• PROBLEM DETAILS
Each line of the data must be given back verbatim, with pictures removed.

• DATA PROVIDED
○ ○ ○ ○ ○ ○ ○

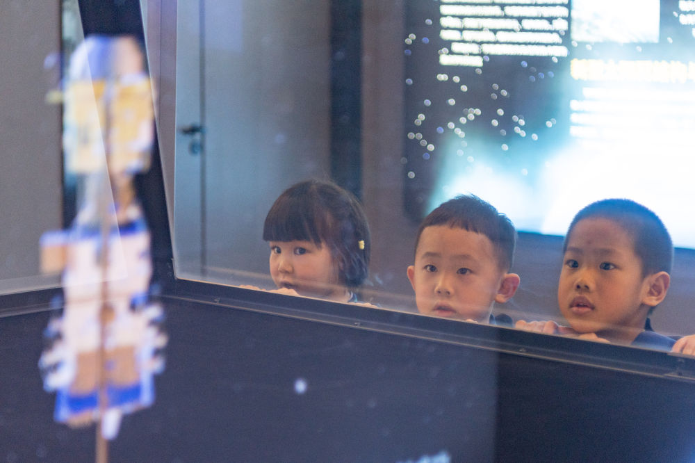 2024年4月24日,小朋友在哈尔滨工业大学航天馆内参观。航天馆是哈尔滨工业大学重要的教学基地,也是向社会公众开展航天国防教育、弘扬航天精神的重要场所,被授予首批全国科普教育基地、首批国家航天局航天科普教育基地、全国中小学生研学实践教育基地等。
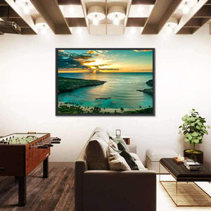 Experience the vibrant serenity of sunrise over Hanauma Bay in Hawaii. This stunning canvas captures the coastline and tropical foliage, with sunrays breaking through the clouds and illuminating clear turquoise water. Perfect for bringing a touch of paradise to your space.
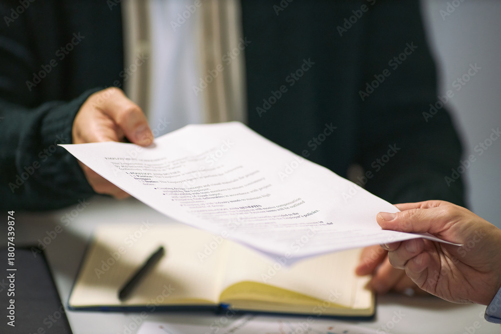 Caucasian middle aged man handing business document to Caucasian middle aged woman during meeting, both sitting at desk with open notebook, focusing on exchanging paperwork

○ ○ ○ ○ ○ ○ ○

• REPLY
 2024年4月24日,小朋友在哈尔滨工业大学航天馆内参观。航天馆是哈尔滨工业大学重要的教学基地,也是向社会公众开展航天国防教育、弘扬航天精神的重要场所,被授予首批全国科普教育基地、首批国家航天局航天科普教育基地、全国中小学生研学实践教育基地等。
 Experience the vibrant serenity of sunrise over Hanauma Bay in Hawaii. This stunning canvas captures the coastline and tropical foliage, with sunrays breaking through the clouds and illuminating clear turquoise water. Perfect for bringing a touch of paradise to your space.
 Caucasian middle aged man handing business document to Caucasian middle aged woman during meeting, both sitting at desk with open notebook, focusing on exchanging paperwork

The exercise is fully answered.